DeepSpeed-MII
DeepSpeed-MII copied to clipboard
I wonder if we can use batch inference and offload in mii pipeline ?
Since in the principle of the latest fastgen in mii includes Continuous Batching, We should have choice to adjust the batch size in mii pipeline But haven't found it in the document and from the code it's still hard to to find the parameters of it For they are included in a dict ends with config. So could someone please help to tell me which what should we use to call batch inference? Or if and why it hasn't been deployed. And also I haven't found offload in mii pipeline , However from DeepSpeed, it must can be found in there, They from another issue and the answers we can see that we can adjust it there but I do not know that if there are further parameters to be adjust to call offload.
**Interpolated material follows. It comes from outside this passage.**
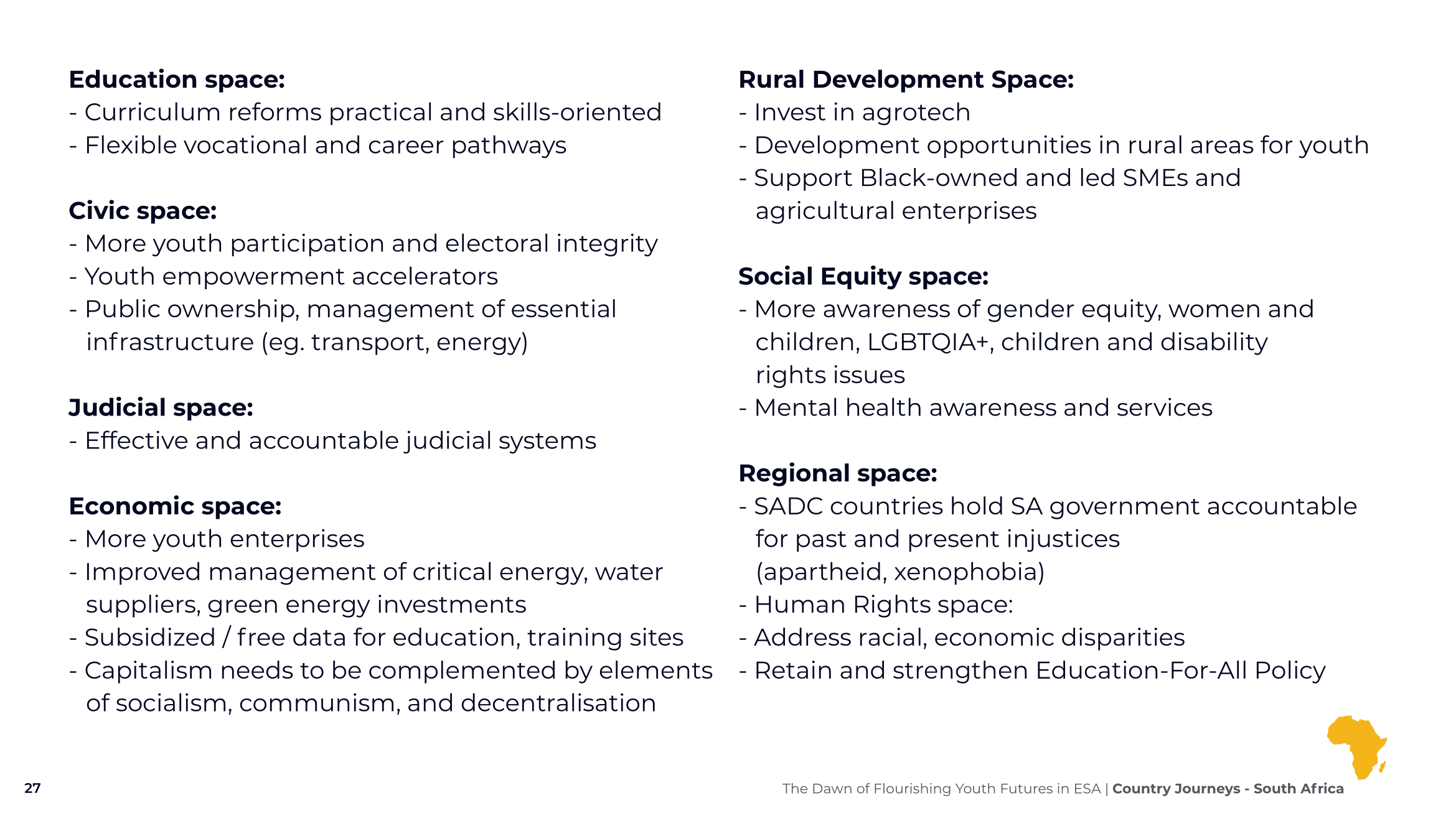 Empowered youth, social and economic equality, justice, safety, security, democratic values, and an end to marginalisation based on race and identity enabled prosperous futures for South African society.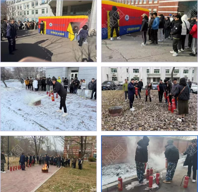 全国消防宣传月期间,保卫处分别为国际教育学院、体育部、网络与信息化中心、校医院、创新创业学院、楼宇中心、机械与动力工程学院、功能分子研究所、图书馆、计算机科学与技术学院、经济与管理学院、材料科学与工程学院、产研院等多个部门开展消防知识宣讲。向师生普及火灾的常见原因、报警注意事项、灭火器和消防栓等消防设备使用方法等基础消防知识。同时开展灭火演练与火灾疏散逃生演练。灭火演练,让师生亲身参与,熟练掌握使用灭火器灭火;逃生演练,让师生深刻认识到在火灾中保持冷静以及遵循正确逃生路线的重要性。宣传月期间,发放宣传各类消防宣传资料600多份,并在食堂播放消防安全警示教育片,在校园内营造良好的宣传氛围。

Sometimes without offload it's hard to inference big model in small Gpu And batch inference accelerate the infering process. So I would be appreciate it if someone could help me find an answer. Thank you for your time and happy new year.
Hi @Kevin-shihello-world, the latest MII does not include offloading. We still support this with MII-Legacy. For batching, we do not have a parameter exposed to users that allows defining a batch size. The pipeline will place all provided prompts onto the inference engine at once.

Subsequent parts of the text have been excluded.